Bishop Long told Eternity that churches are ready to do their part in supporting Afghans who are granted asylum in Australia.
“While the Government has a critical role to play in supporting Afghans in Australia and in their homeland, faith-based and community groups declaring they are ready to help people relocating to Australia are also part of this process,” he said.
“Catholic ministries are established to help people who are in need, regardless of their background, thus, the immediate need before us is the people of Afghanistan. We stand ready to provide care and support to people seeking new hope and a new life.”
Rev Grey agreed, saying, “if we see fit to take on 20,000 Afghan refugees, I think we’ll be richer as a nation, and we will sense that we did the right thing.”

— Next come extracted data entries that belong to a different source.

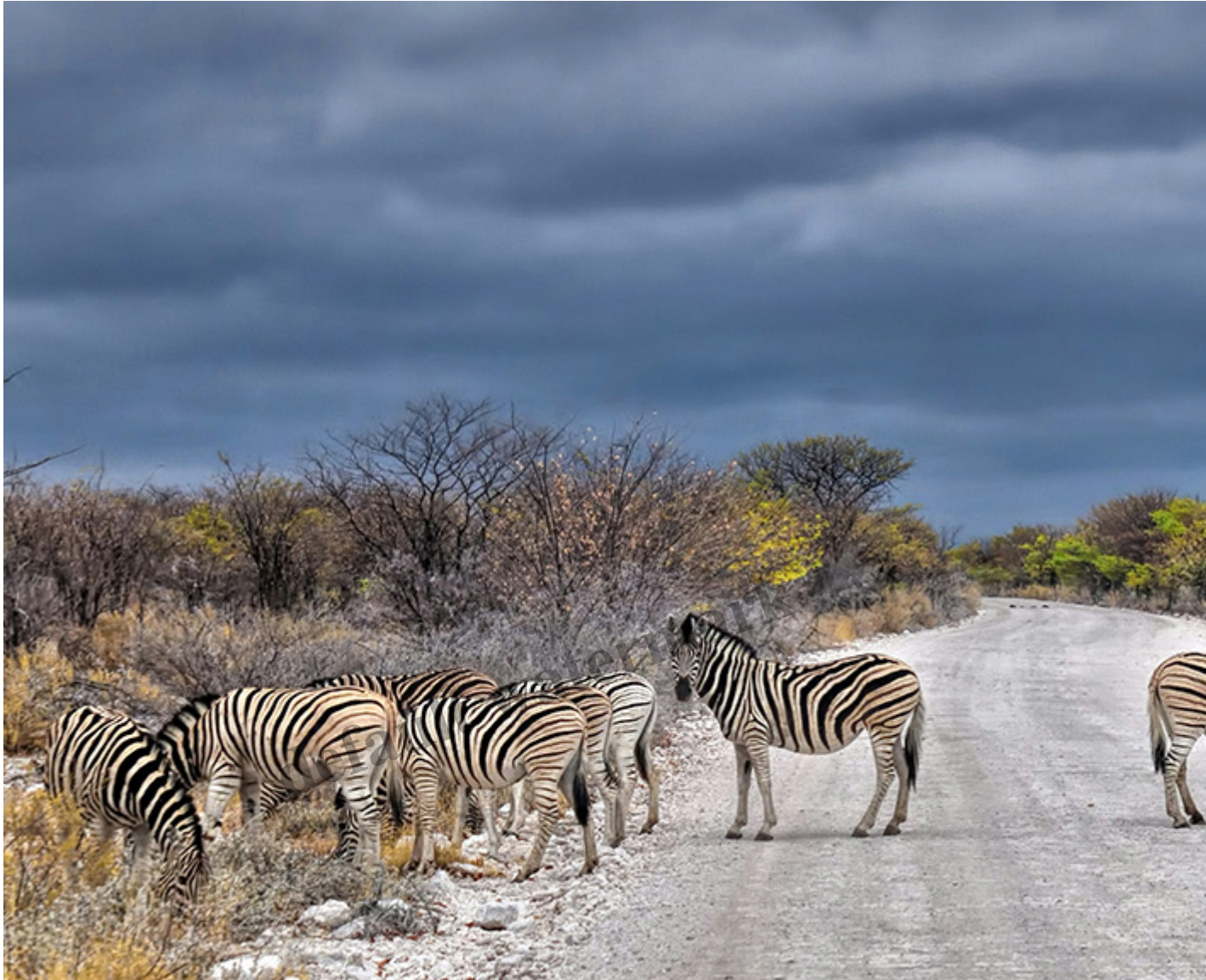
Etosha National Park: One of Africa's great wildlife reserves, home to elephants, lions, giraffes and vast salt pans.
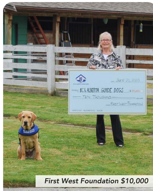
First West Foundation $10,000

Wesley handcrafted an amazing cigar box guitar and auctioned it off for $250 in support of VICD Service Dogs. Thank you for such a creative donation!
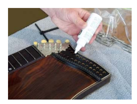
Day 10: Reinstalling the Tuning Pins
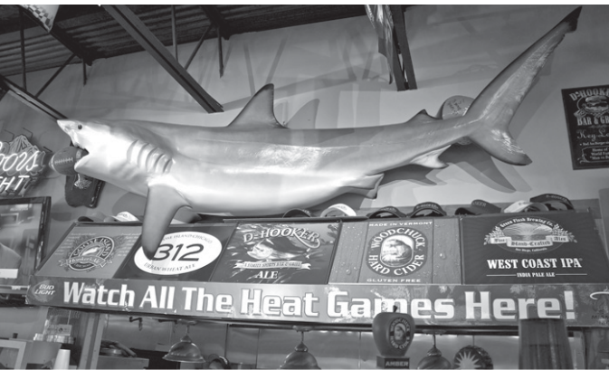
A friend of Katharine the Great White Shark was spotted hanging out at D-Hookers.
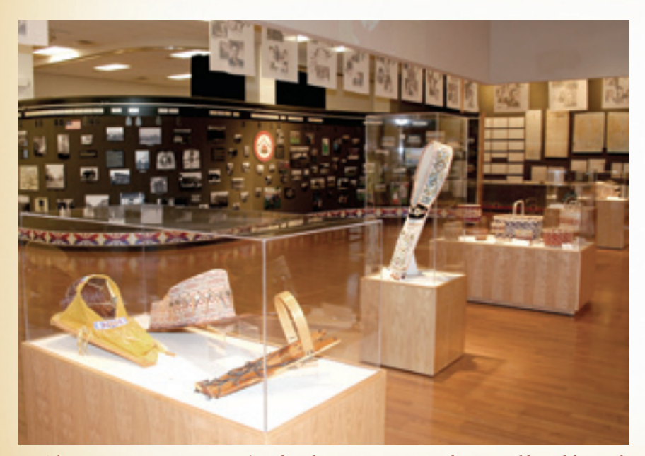
The Citizen Potawatomi Nation's Cultural Heritage Center in Shawnee, Okla., celebrates the cultural contributions of Native Americans to U.S. history. The Nation's various enterprises contribute to the local economy and employment base.

Stepping into the Citizen Potawatomi Nation's Cultural Heritage Center in Shawnee, Okla., takes visitors back in time to a rich period in history.

The letter lists ‘7 practical steps’ the Australian Government can take that have been put forward by the Refugee Council of Australia, adding its signatories’ names to more than 300 organisations, businesses, and community groups who have stated their support for the seven steps.

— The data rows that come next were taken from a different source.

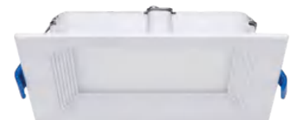
available in square
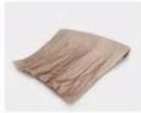
B. Corrugated paper
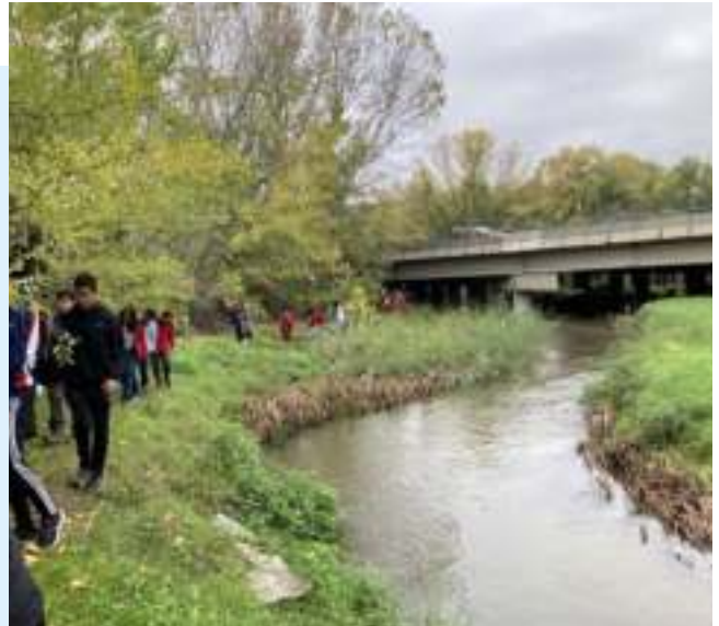
A guided walk with expert talks and artistic performances along the banks of the Manzanares River with alumni of the Strengthening the Civil Service in Latin America programme

The list includes a call for the government to dramatically increase the number of refugee resettlement places for Afghans, as it did with Syrian and Iraqi refugees. And to evacuate as many Afghans in danger as possible – including those whose lives are in danger because they have worked with foreign forces, NGOs, media, and human rights defenders.
Also specified is a request for increased aid and advocacy in the area for Afghans who are displaced from their homes.

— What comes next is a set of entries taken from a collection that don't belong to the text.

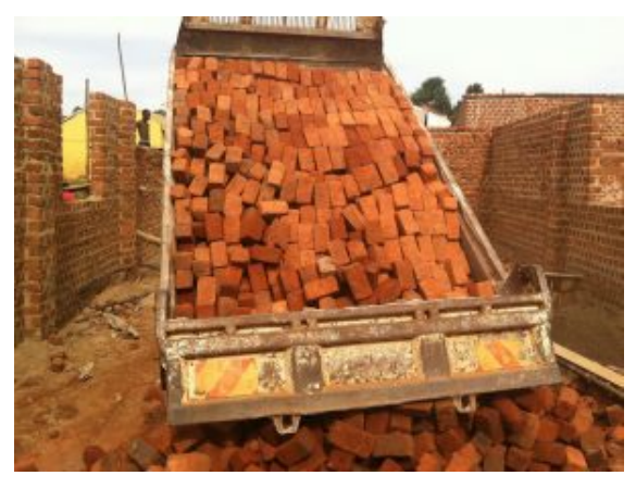
The delivery of bricks seemed to never cease—we praise the Lord for the funds and beautiful weather He gave us during construction.
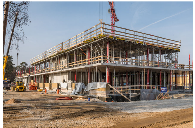
Two floors with Tubbox® circular columns
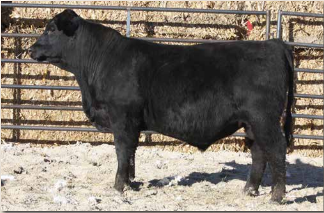
LYMANS ACCOMPLISHMENT L98 Sells as Lot 109.
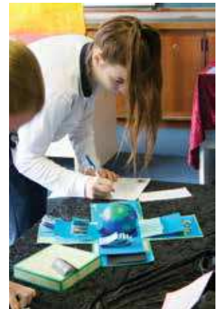
Year 10 Science Global Issues Creations

And perhaps most challenging of all for a liberal government are three requests that relate to the visas of Afghans living in Australia (numbers 5-7 in the list).
5. We welcome the extension of temporary visas of all Afghan citizens in Australia that you announced on 17 August. A vital next step of this is to ensure that people whose asylum claims have been previously rejected be supported to submit new claims in the light of the changed circumstances in Afghanistan.
6. Extend permanent protection to 4300 Afghans on temporary protection visas, recognising that members of this group are unlikely to be able to return in safety for many years to come and need the assurance that they can continue to live in Australia without the constant fear of forced return.
7. Assist Afghan Australians, including people with temporary and permanent protection visas, with urgent family reunion applications for relatives who are at particular risk, as members of minorities targeted by the Taliban or people likely to be targeted because of their connections to western nations. This should include giving priority to finalising family reunion applications which have previously been lodged but are waiting on a decision from the Department of Home Affairs.
Rev Grey confirmed he would like to see our government do much more to help Afghans already in Australia.
“The people who are here fled groups like the Taliban. They will contribute to our world, our society, and make it richer – hospitality and their character, they will contribute to our world and make our democracy stronger. Part of our DNA [as Australians] is we embrace these people,” he said.
The letter ends by urging the minister to “address these critical priorities” and an encouragement: “We are grateful for your service to our community and continue to uphold you and your family in prayer. Signed by the below Church leaders working and serving in the Mitchell Electorate”.